Rare Michelangelo will be lost to Britain

James Morrison
Sunday 16 February 2014 06:38

It was salvaged from the obscurity of a private scrapbook: a gem left for centuries amid a collection of lesser drawings in an English stately home. But months after being hailed as the most notable discovery of a Michelangelo work in living memory, Study of a Mourning Woman is to be lost to Britain.

With no UK buyer willing to pay its £7.5m price, the hitherto unknown picture by the great Renaissance artist will be sold to the highest bidder. It is expected to end up in the hands of an anonymous overseas buyer.

Wednesday's auction, at Sotheby's in London, will end a nine-month rescue bid which saw the National Galleries of Scotland come close to securing the picture.

The story began when the brown-ink drawing of a stooped figure in a heavy cloak was revealed during a routine insurance valuation at Castle Howard in North Yorkshire last October. Sotheby's fine art expert Julien Stock found it in a scrapbook of otherwise undistinguished Old Master sketches in the library.
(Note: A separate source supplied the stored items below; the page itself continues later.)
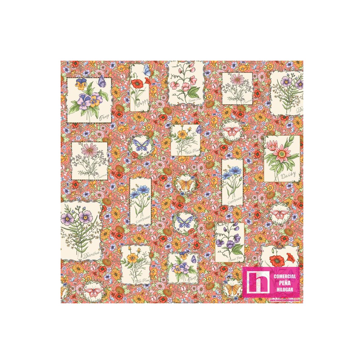 P17-MAS10120-P PATCH. AMERICANO GARDEN STROLL (21) 110 CM. ALGODON 100% CORAL/MULTI Venta en piezas de 7.00 M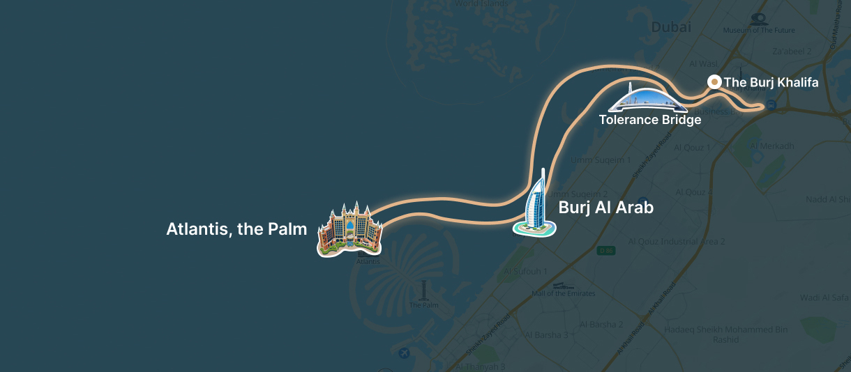 Business Bay Area - Burj Khalifa - Waterfall Bridge - Tolerance Bridge - Helix Bridge - Palm Jumeirah - Burj Al Arab - Atlantis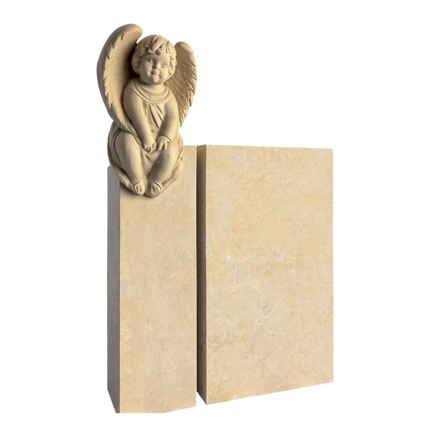 Ein Grabstein mit Engel (für Urnengrab beispielsweise) vereint spirituelle Bedeutung und ästhetische Eleganz. Die kunstvolle Darstellung eines Engels, sei es ein Schutzengel mit ausgebreiteten Flügeln oder ein trauernder Engel, der über das Grab wacht, vermittelt ein Gefühl der Ruhe und des Friedens.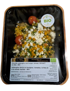 Een lekker gegrilde aubergine opgevuld met een kruidige bulgurmengeling met gehakt, Afgewerkt met feta, gegrilde kikkererwten en salsa verde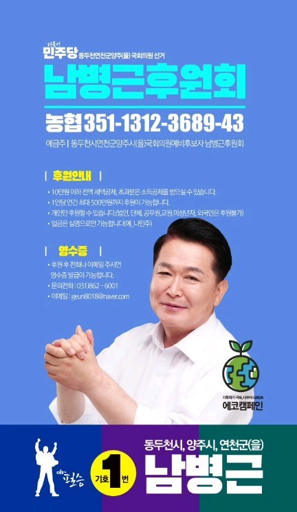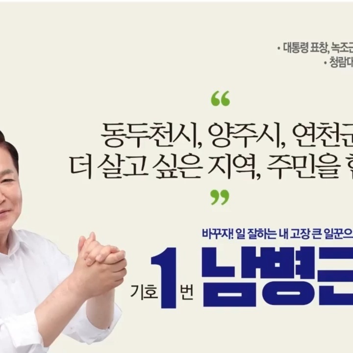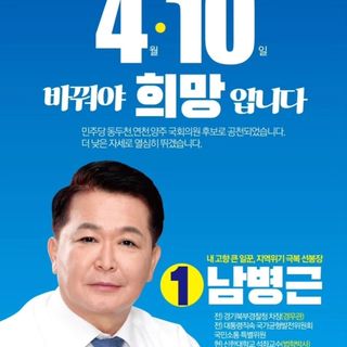 남병근 후보는 더불어민주당에서 동두천양주연천 지역을 선거구로 출마하고 있습니다. 그는 30년 이상의 공직 경력을 바탕으로 현 정권을 심판하고 지역 발전에 힘쓰겠다고 밝혔습니다. 우선 규제 개선을 통한 지역 발전을 위하여 경기 북부 발전을 막아온 규제를 개선하고, 군부대 주둔으로 인한 손실 보상을 추진할 것입니다. 또한, 70년간 미군 기지 주둔으로 인해 경제가 낙후된 동두천·연천·양주 지역을 발전시키기 위해 정부 지원을 이끌어내겠습니다고 약속하였으며 연천까지 GTX-C노선을 확장하고 첨단 대기업을 유치하여 경제 활성화를 도모하였습니다. 남병근 후보는 고향에 대한 애정과 업무 노하우를 바탕으로 공약을 이행하겠다고 자신감을 보이고 있습니다. 이번 선거에서는 남병근 후보와 국민의힘 김성원 후보가 맞대결을 펼칠 예정입니다.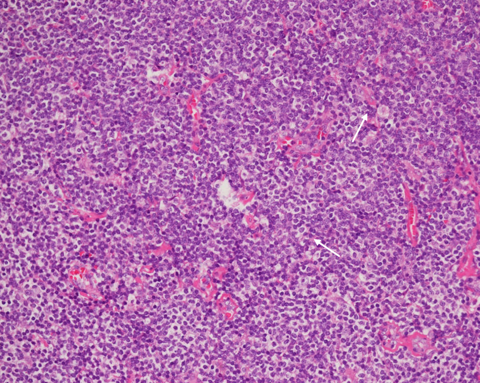 ![]() Click for large image | Figure 4. H&E stain (× 40) demonstrating a diffuse, vaguely nodular infiltrate, expanding the soft tissue and disrupting normal architectural boundaries. Note the presence of mild plasmacytic differentiation (arrows). H&E: hematoxylin and eosin. |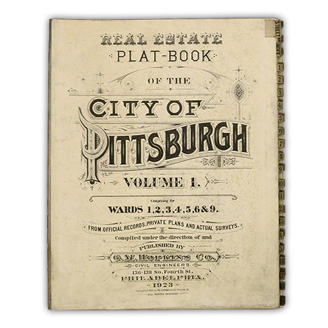 This plat book from 1923 had endured both liquid and insect damage before arriving in our lab. Covered in dirt, the book's binding was also failing and the linen tabs on the fore edge were falling off. Our conservators thoroughly cleaned this item and removed the water stain from the bottom of the book. The tabs were then repaired and a new binding was made for the book.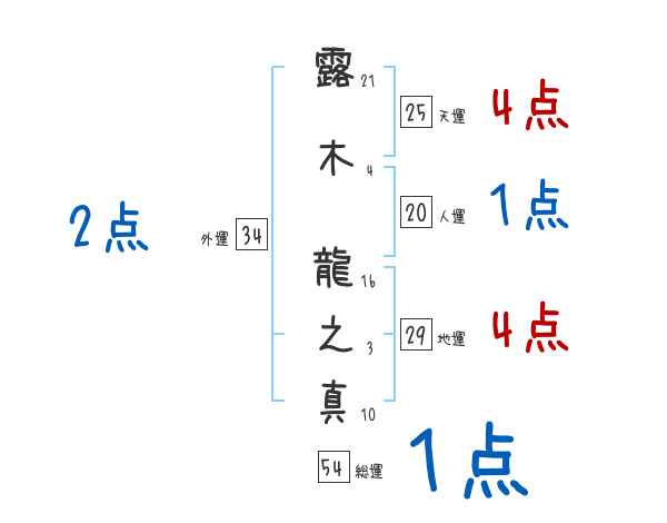 | 外運  | 露木龍之真さんの外運は34画の2つ星!独創性に優れるが、自尊心が強く災難に注意しましょう。生活面を象徴する運勢です。外部から受ける影響力を表し、結婚運、家庭運や職場、環境への順応性を表します。 |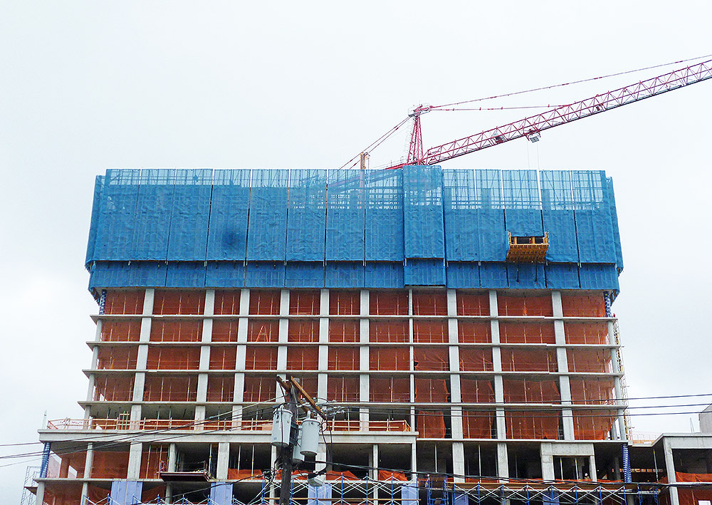 Para garantizar un espacio de trabajo seguro, se ha cubierto el perímetro del edificio con la protección autotrepante HWS. Son paneles que envuelven la planta en ejecución y tres plantas inferiores y que se elevan de manera hidráulica, a medida que se crece en altura.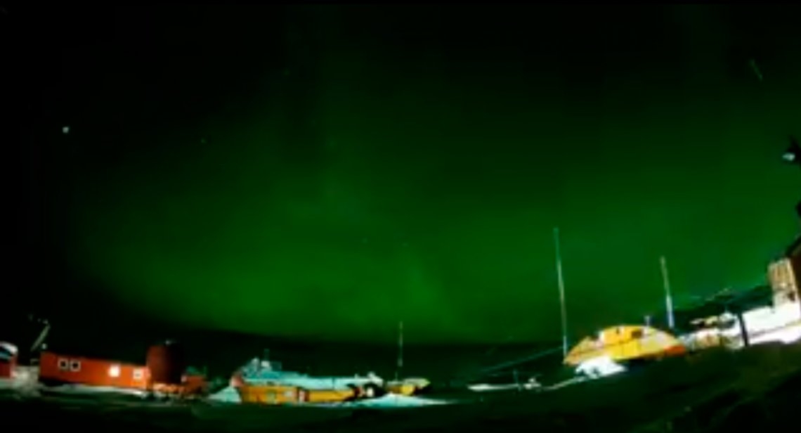Un espectáculo de auroras australes pudo apreciarse desde la Base Belgrano II de la Antártida Argentina. Las imágenes fueron publicadas por el Servicio Meteorológico Nacional en su cuenta de Twitter.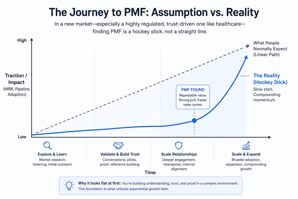 But in reality—especially in enterprise, highly regulated, trust-driven markets like healthcare—that’s not how traction actually forms.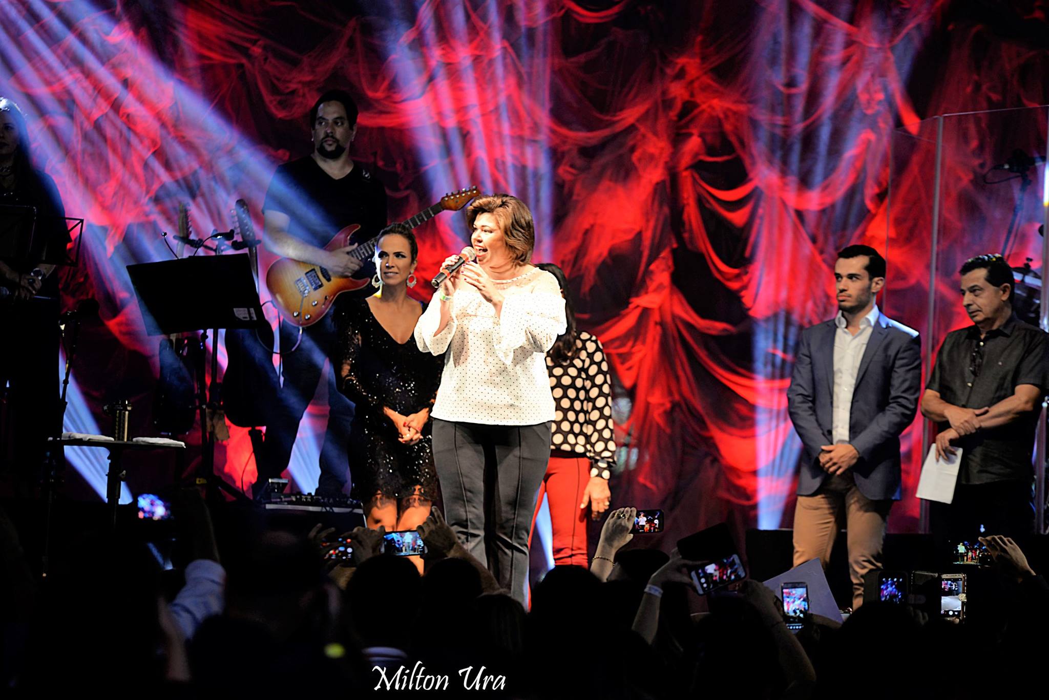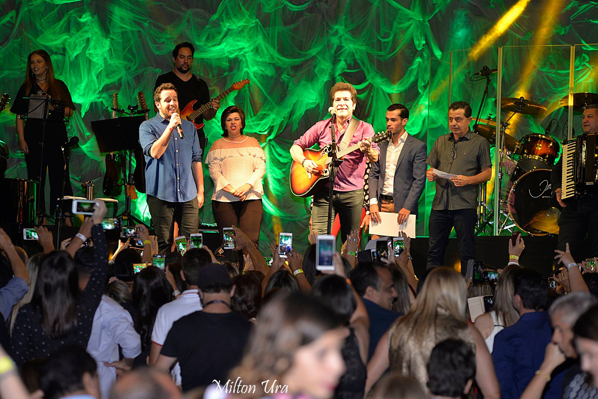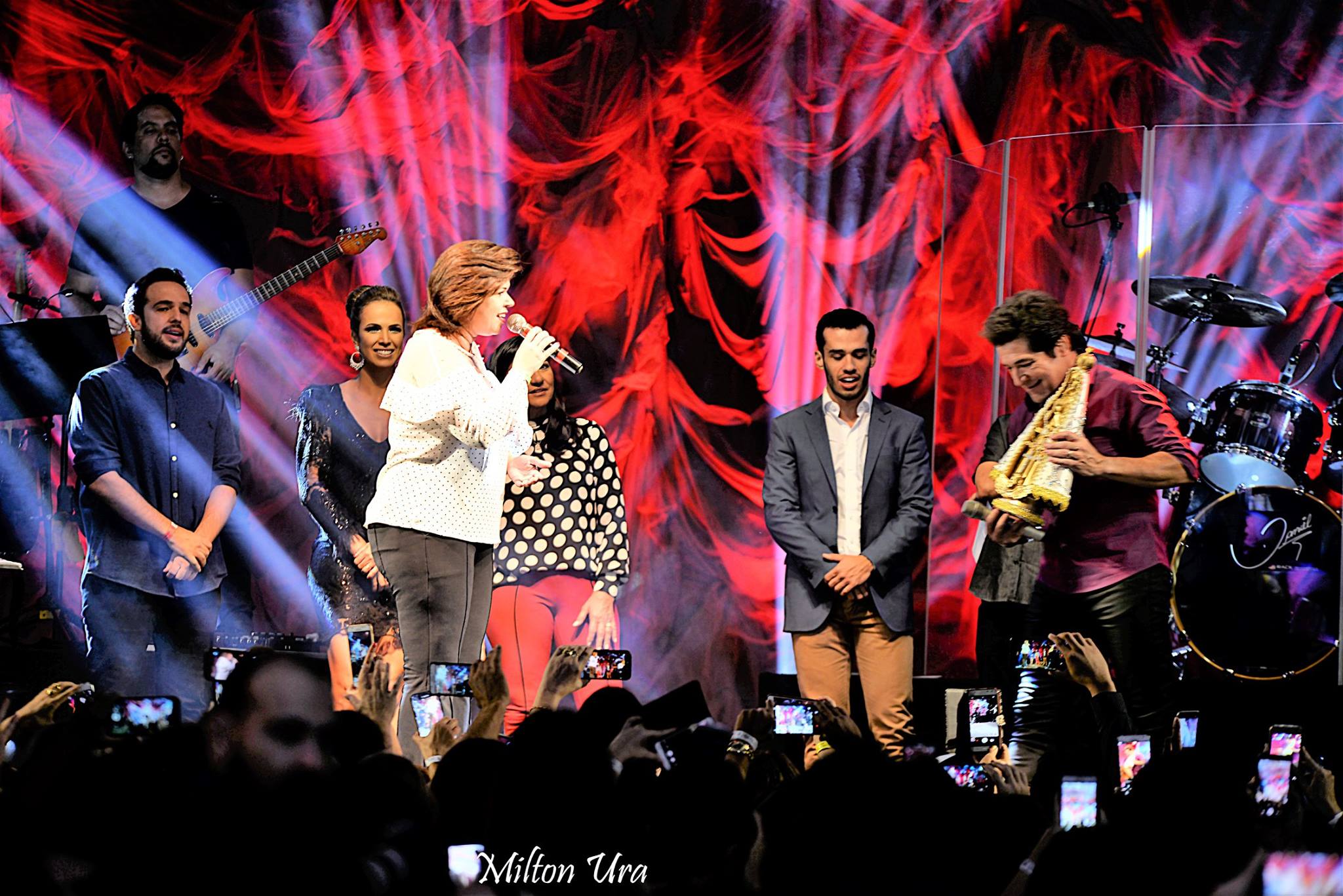 A cantora adamantinense Cássia Medina Bosso também subiu ao palco. Fez um solo, cantando “Ave Maria”, e depois foi chamada pelo próprio Daniel para fazer um dueto com ele. Juntos, cantaram “Romaria”, clássico da música popular, composto por Renato Teixeira.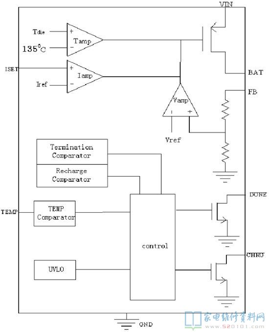| 8 | FB | 电池电压反馈端,它能较精确反馈电池的真实电 压,可保证恒压充电精度及充得更满 |

Soon after, the 10in by 6in work was identified as a previously undocumented Michelangelo, believed to have been bought by Henry Howard, fourth Earl of Carlisle, in London in 1747.

Comparing the discovery to that of "part of the Holy Grail", Sotheby's delayed auctioning it by six months to give the nation a chance to buy it.

Aware that no British museum north of Oxford holds a Michelangelo, the Scottish galleries began a fund-raising campaign. But despite receiving private backing, the move failed when the Heritage Lottery Fund rejected an application for a £4.1m grant.

Sotheby's has been inundated with enquiries about the drawing and its experts now expect it to go overseas.

A lottery fund spokesman said: "When awarding grants for art acquisitions, the trustees look for the widest possible public benefits. Due to conservation reasons, the opportunities for the public to see the Michelangelo drawing were extremely limited – just one month a year."

A spokeswoman for the National Art Collections Fund said this stance could set a "worrying precedent".